**WORK REQUEST:**
The answer should contain each record below, repeated exactly.

**DATASET CONTENT:**
####################

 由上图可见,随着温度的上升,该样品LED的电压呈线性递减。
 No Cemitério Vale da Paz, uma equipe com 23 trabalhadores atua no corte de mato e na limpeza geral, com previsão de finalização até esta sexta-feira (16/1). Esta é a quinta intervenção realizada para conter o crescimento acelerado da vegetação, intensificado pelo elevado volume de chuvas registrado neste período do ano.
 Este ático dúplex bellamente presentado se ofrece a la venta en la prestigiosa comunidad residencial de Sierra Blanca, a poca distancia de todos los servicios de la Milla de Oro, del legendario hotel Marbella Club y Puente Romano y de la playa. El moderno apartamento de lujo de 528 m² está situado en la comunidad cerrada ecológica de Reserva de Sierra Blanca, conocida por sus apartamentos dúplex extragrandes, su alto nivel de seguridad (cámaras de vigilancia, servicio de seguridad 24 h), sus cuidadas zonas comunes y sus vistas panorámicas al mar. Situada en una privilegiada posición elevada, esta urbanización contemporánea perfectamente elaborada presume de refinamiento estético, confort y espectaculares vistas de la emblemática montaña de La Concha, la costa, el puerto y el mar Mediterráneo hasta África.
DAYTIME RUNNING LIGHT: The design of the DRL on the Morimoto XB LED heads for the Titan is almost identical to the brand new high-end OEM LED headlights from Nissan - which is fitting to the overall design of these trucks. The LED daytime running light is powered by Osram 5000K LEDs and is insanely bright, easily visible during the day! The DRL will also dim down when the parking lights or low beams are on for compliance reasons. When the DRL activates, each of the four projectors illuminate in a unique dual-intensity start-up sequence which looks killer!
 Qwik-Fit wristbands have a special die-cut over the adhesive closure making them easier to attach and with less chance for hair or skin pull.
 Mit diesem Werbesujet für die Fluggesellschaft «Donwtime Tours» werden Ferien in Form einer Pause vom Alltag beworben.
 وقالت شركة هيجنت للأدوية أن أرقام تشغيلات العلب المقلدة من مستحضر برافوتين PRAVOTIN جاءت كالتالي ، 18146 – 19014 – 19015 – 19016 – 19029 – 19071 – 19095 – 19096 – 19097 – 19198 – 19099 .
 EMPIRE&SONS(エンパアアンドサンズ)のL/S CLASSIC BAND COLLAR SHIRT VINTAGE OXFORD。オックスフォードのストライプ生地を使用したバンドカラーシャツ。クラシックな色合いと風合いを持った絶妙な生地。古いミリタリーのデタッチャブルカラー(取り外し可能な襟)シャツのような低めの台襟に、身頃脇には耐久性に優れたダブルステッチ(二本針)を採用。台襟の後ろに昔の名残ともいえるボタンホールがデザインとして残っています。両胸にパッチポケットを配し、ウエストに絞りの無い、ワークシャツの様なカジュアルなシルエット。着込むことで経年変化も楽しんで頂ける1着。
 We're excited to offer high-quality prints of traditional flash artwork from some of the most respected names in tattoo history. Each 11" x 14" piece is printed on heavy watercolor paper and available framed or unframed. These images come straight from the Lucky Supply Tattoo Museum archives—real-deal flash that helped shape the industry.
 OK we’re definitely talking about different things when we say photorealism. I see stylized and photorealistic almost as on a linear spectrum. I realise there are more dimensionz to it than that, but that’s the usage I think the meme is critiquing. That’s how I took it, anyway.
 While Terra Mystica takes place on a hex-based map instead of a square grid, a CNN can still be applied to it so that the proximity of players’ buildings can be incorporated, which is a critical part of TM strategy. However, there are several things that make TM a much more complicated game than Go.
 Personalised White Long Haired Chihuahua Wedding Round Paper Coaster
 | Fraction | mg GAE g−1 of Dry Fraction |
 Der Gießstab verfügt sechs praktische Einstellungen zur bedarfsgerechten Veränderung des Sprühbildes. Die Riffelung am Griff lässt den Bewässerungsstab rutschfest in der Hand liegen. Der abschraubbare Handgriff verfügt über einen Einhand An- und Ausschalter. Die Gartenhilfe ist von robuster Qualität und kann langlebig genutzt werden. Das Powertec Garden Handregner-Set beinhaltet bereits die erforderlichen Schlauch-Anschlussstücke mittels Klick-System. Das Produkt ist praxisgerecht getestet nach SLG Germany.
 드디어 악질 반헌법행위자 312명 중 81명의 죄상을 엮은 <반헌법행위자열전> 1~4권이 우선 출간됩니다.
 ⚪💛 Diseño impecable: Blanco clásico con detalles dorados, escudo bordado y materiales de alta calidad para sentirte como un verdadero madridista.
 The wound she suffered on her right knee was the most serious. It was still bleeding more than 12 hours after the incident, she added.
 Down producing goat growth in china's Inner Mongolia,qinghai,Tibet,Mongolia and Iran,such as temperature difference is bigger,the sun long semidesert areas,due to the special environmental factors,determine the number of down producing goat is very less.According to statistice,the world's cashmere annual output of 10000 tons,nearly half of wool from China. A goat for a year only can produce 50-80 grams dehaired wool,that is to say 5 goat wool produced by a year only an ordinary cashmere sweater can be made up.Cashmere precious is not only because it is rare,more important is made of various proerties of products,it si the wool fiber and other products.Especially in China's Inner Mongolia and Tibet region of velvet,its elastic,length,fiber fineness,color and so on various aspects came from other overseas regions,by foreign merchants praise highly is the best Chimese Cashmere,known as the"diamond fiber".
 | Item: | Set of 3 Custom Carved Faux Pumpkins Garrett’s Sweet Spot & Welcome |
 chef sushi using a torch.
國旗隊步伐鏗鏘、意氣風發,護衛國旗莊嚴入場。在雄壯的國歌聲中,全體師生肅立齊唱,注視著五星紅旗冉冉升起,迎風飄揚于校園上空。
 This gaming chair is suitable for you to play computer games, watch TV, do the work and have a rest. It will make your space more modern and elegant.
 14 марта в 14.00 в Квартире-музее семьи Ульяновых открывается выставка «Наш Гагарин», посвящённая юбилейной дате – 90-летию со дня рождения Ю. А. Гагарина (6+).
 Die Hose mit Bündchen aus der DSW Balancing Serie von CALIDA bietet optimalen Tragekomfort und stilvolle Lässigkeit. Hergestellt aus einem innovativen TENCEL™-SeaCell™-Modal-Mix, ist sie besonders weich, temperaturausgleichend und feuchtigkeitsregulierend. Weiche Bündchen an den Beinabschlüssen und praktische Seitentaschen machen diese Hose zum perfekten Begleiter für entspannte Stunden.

####################

**ANSWER TO THE PROBLEM:**
 由上图可见,随着温度的上升,该样品LED的电压呈线性递减。
 No Cemitério Vale da Paz, uma equipe com 23 trabalhadores atua no corte de mato e na limpeza geral, com previsão de finalização até esta sexta-feira (16/1). Esta é a quinta intervenção realizada para conter o crescimento acelerado da vegetação, intensificado pelo elevado volume de chuvas registrado neste período do ano.
 Este ático dúplex bellamente presentado se ofrece a la venta en la prestigiosa comunidad residencial de Sierra Blanca, a poca distancia de todos los servicios de la Milla de Oro, del legendario hotel Marbella Club y Puente Romano y de la playa. El moderno apartamento de lujo de 528 m² está situado en la comunidad cerrada ecológica de Reserva de Sierra Blanca, conocida por sus apartamentos dúplex extragrandes, su alto nivel de seguridad (cámaras de vigilancia, servicio de seguridad 24 h), sus cuidadas zonas comunes y sus vistas panorámicas al mar. Situada en una privilegiada posición elevada, esta urbanización contemporánea perfectamente elaborada presume de refinamiento estético, confort y espectaculares vistas de la emblemática montaña de La Concha, la costa, el puerto y el mar Mediterráneo hasta África.
DAYTIME RUNNING LIGHT: The design of the DRL on the Morimoto XB LED heads for the Titan is almost identical to the brand new high-end OEM LED headlights from Nissan - which is fitting to the overall design of these trucks. The LED daytime running light is powered by Osram 5000K LEDs and is insanely bright, easily visible during the day! The DRL will also dim down when the parking lights or low beams are on for compliance reasons. When the DRL activates, each of the four projectors illuminate in a unique dual-intensity start-up sequence which looks killer!
 Qwik-Fit wristbands have a special die-cut over the adhesive closure making them easier to attach and with less chance for hair or skin pull.
 Mit diesem Werbesujet für die Fluggesellschaft «Donwtime Tours» werden Ferien in Form einer Pause vom Alltag beworben.
 وقالت شركة هيجنت للأدوية أن أرقام تشغيلات العلب المقلدة من مستحضر برافوتين PRAVOTIN جاءت كالتالي ، 18146 – 19014 – 19015 – 19016 – 19029 – 19071 – 19095 – 19096 – 19097 – 19198 – 19099 .
 EMPIRE&SONS(エンパアアンドサンズ)のL/S CLASSIC BAND COLLAR SHIRT VINTAGE OXFORD。オックスフォードのストライプ生地を使用したバンドカラーシャツ。クラシックな色合いと風合いを持った絶妙な生地。古いミリタリーのデタッチャブルカラー(取り外し可能な襟)シャツのような低めの台襟に、身頃脇には耐久性に優れたダブルステッチ(二本針)を採用。台襟の後ろに昔の名残ともいえるボタンホールがデザインとして残っています。両胸にパッチポケットを配し、ウエストに絞りの無い、ワークシャツの様なカジュアルなシルエット。着込むことで経年変化も楽しんで頂ける1着。
 We're excited to offer high-quality prints of traditional flash artwork from some of the most respected names in tattoo history. Each 11" x 14" piece is printed on heavy watercolor paper and available framed or unframed. These images come straight from the Lucky Supply Tattoo Museum archives—real-deal flash that helped shape the industry.
 OK we’re definitely talking about different things when we say photorealism. I see stylized and photorealistic almost as on a linear spectrum. I realise there are more dimensionz to it than that, but that’s the usage I think the meme is critiquing. That’s how I took it, anyway.
 While Terra Mystica takes place on a hex-based map instead of a square grid, a CNN can still be applied to it so that the proximity of players’ buildings can be incorporated, which is a critical part of TM strategy. However, there are several things that make TM a much more complicated game than Go.
 Personalised White Long Haired Chihuahua Wedding Round Paper Coaster
 | Fraction | mg GAE g−1 of Dry Fraction |
 Der Gießstab verfügt sechs praktische Einstellungen zur bedarfsgerechten Veränderung des Sprühbildes. Die Riffelung am Griff lässt den Bewässerungsstab rutschfest in der Hand liegen. Der abschraubbare Handgriff verfügt über einen Einhand An- und Ausschalter. Die Gartenhilfe ist von robuster Qualität und kann langlebig genutzt werden. Das Powertec Garden Handregner-Set beinhaltet bereits die erforderlichen Schlauch-Anschlussstücke mittels Klick-System. Das Produkt ist praxisgerecht getestet nach SLG Germany.
 드디어 악질 반헌법행위자 312명 중 81명의 죄상을 엮은 <반헌법행위자열전> 1~4권이 우선 출간됩니다.
 ⚪💛 Diseño impecable: Blanco clásico con detalles dorados, escudo bordado y materiales de alta calidad para sentirte como un verdadero madridista.
 The wound she suffered on her right knee was the most serious. It was still bleeding more than 12 hours after the incident, she added.
 Down producing goat growth in china's Inner Mongolia,qinghai,Tibet,Mongolia and Iran,such as temperature difference is bigger,the sun long semidesert areas,due to the special environmental factors,determine the number of down producing goat is very less.According to statistice,the world's cashmere annual output of 10000 tons,nearly half of wool from China. A goat for a year only can produce 50-80 grams dehaired wool,that is to say 5 goat wool produced by a year only an ordinary cashmere sweater can be made up.Cashmere precious is not only because it is rare,more important is made of various proerties of products,it si the wool fiber and other products.Especially in China's Inner Mongolia and Tibet region of velvet,its elastic,length,fiber fineness,color and so on various aspects came from other overseas regions,by foreign merchants praise highly is the best Chimese Cashmere,known as the"diamond fiber".
 | Item: | Set of 3 Custom Carved Faux Pumpkins Garrett’s Sweet Spot & Welcome |
 chef sushi using a torch.
國旗隊步伐鏗鏘、意氣風發,護衛國旗莊嚴入場。在雄壯的國歌聲中,全體師生肅立齊唱,注視著五星紅旗冉冉升起,迎風飄揚于校園上空。
 This gaming chair is suitable for you to play computer games, watch TV, do the work and have a rest. It will make your space more modern and elegant.
 14 марта в 14.00 в Квартире-музее семьи Ульяновых открывается выставка «Наш Гагарин», посвящённая юбилейной дате – 90-летию со дня рождения Ю. А. Гагарина (6+).
 Die Hose mit Bündchen aus der DSW Balancing Serie von CALIDA bietet optimalen Tragekomfort und stilvolle Lässigkeit. Hergestellt aus einem innovativen TENCEL™-SeaCell™-Modal-Mix, ist sie besonders weich, temperaturausgleichend und feuchtigkeitsregulierend. Weiche Bündchen an den Beinabschlüssen und praktische Seitentaschen machen diese Hose zum perfekten Begleiter für entspannte Stunden.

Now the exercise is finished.